Mediapart a publié, le 10 juillet, des révélations troublantes concernant l’implication de BFMTV et de certains de ses journalistes dans une campagne de communication visant à défendre Nicolas Sarkozy, empêtré dans l’affaire du financement libyen. Les informations proviennent de SMS et de conversations téléphoniques récupérés dans le cadre d’une enquête sur la fausse rétractation de Ziad Takieddine, qui a accusé Sarkozy d’avoir reçu des fonds libyens pour sa campagne présidentielle de 2007.
Des liens étroits entre journalistes et l’entourage de Sarkozy
Les échanges montrent une proximité surprenante entre les journalistes de BFMTV et l’équipe de communication de l’ancien Président. Véronique Waché, chargée de communication de Sarkozy, a envoyé plusieurs messages aux journalistes, leur demandant notamment d’organiser des interviews et des diffusions à des moments stratégiques.

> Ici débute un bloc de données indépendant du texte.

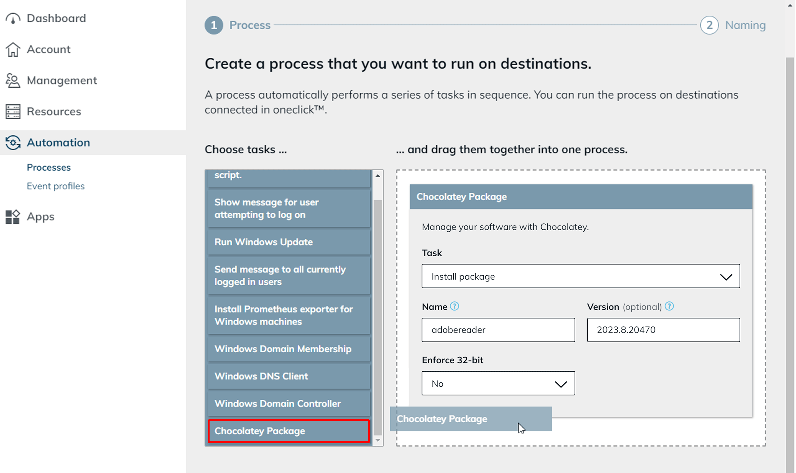 - Create a new process and drag the "Chocolatey Package" task into the right-hand area of the screen.
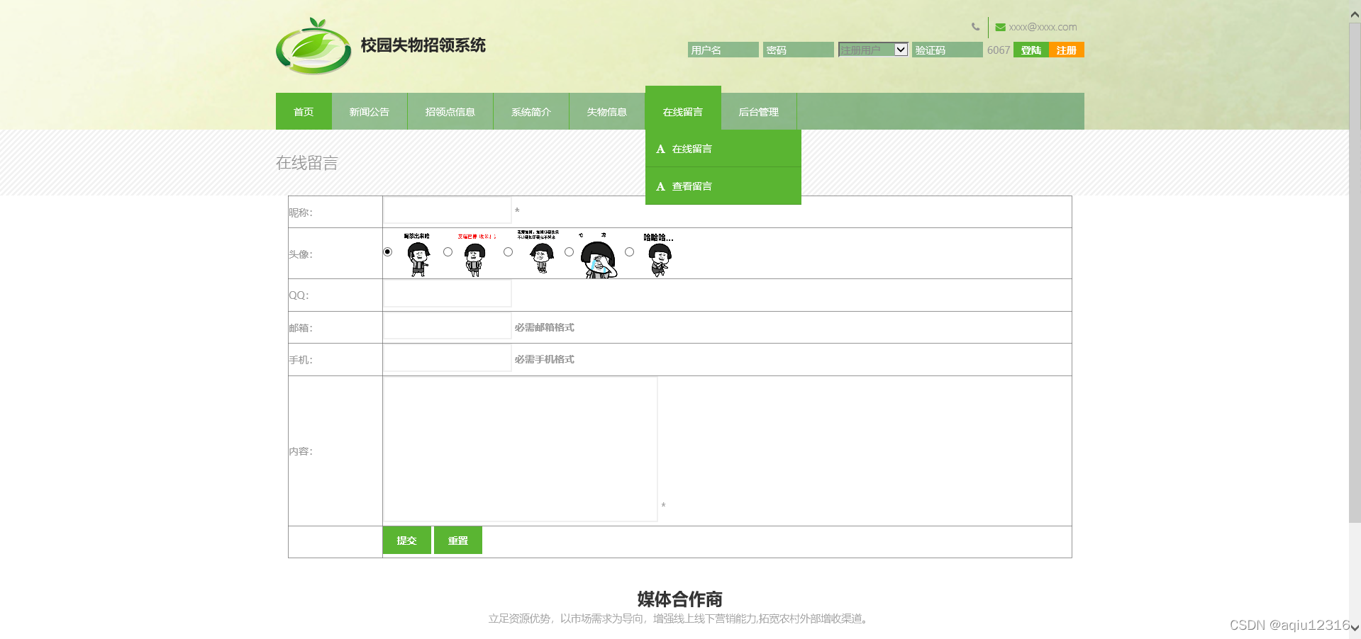 (5)在线留言:主要实现在线留言和查看留言功能。
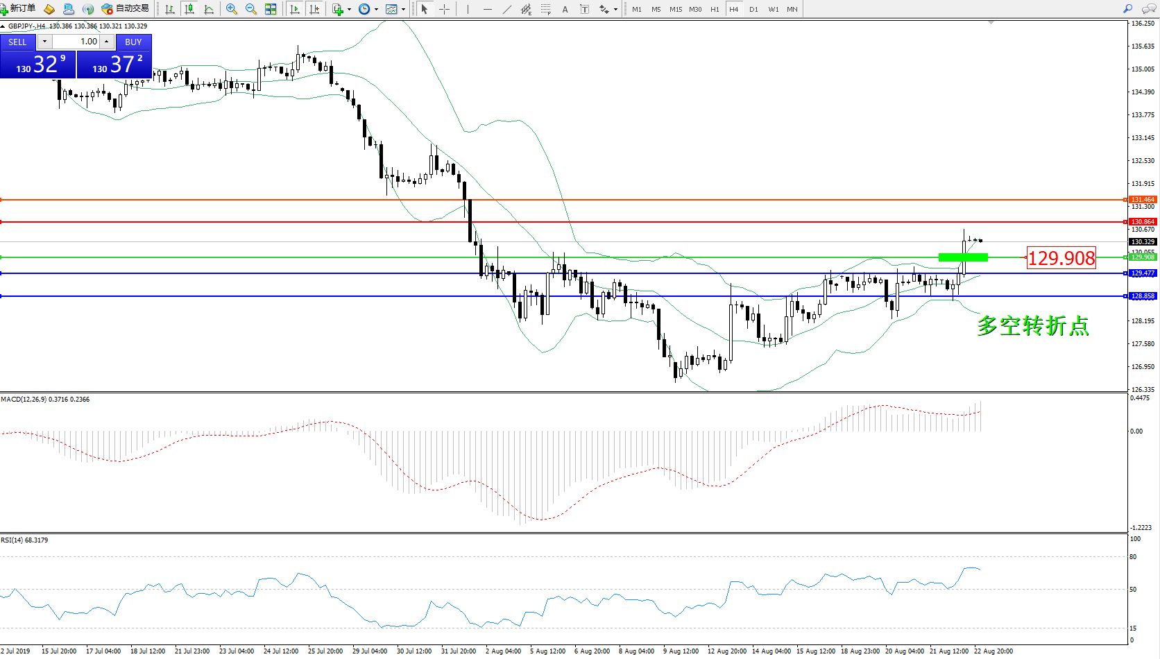 交易策略:129.908上方看涨,目标130.864、131.464
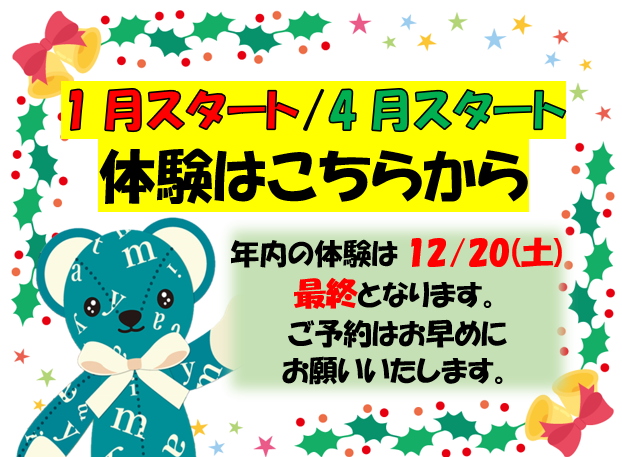 年内の体験レッスンご予約は12/20(土)までです🎄
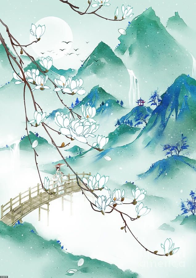 ![Пейзаж в японском стиле на белом фоне]()
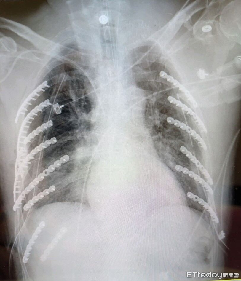 衛生福利部台中醫院胸腔外科何蕙如師指出,患者入院時胸腔X光片顯示雙側肋骨共二十八根中,有十四根斷裂,有的甚至斷成兩至三截,情況相當罕見。「比起一般肋骨骨折三至五根,他的傷勢幾乎是三倍以上」,同時還伴隨左鎖骨、脊柱裂傷及嚴重氣胸、呼吸衰竭。

Ruth Elkrief, l’une des figures emblématiques de la chaîne, a répondu par un message qui illustre cette collusion : « Je suis là, je pense à vous, et si vous avez envie de vous exprimer je suis à votre disposition, on peut monter ce que vous voulez ! Je t’embrasse fort et transmets mes amitiés à NS ».
La rétractation douteuse de Ziad Takieddine
Le 11 novembre 2020, Ziad Takieddine, qui avait précédemment affirmé que Sarkozy avait reçu de l’argent de Mouammar Kadhafi, se rétracte de manière spectaculaire dans une interview diffusée par BFMTV. Les enquêteurs révèlent plus tard que ce revirement aurait été monnayé. Dans ce contexte, BFMTV a mobilisé ses ressources pour offrir une couverture médiatique favorable à Sarkozy. Marc-Olivier Fogiel, directeur général de la chaîne, coordonnait les diffusions avec Waché pour maximiser l’impact médiatique de ces déclarations.
Tensions et critiques internes
Lors de la couverture de la rétractation de Takieddine, des tensions apparaissent entre les journalistes de la chaîne. Bruno Jeudy, éditorialiste de BFMTV, critique ouvertement sa collègue Sarah-Lou Cohen pour son approche plus mesurée de l’affaire, illustrant une volonté de certains journalistes de favoriser une narration pro-Sarkozy.
Une interview controversée et bien reçue
Deux jours après la rétractation de Takieddine, Nicolas Sarkozy accorde une interview à Ruth Elkrief. Malgré une échange tendu, les coulisses montrent que cette interview a été soigneusement orchestrée pour plaire à Sarkozy et son équipe. Arthur Dreyfuss, directeur général d’Altice Media (propriétaire de BFMTV), et les journalistes principaux de la chaîne se sont assurés que l’ancien président était satisfait de son passage.
Réactions et défense des journalistes
Les révélations de Mediapart ont suscité des réactions indignées, notamment de la part de journalistes et de certains politiques. Marc-Olivier Fogiel a défendu son équipe en affirmant que les journalistes travaillaient en toute indépendance et sans consignes spécifiques. Bruno Jeudy a qualifié ses messages de « maladroits » et Ruth Elkrief a évoqué une « opportunité professionnelle » dans le rebondissement de l’affaire.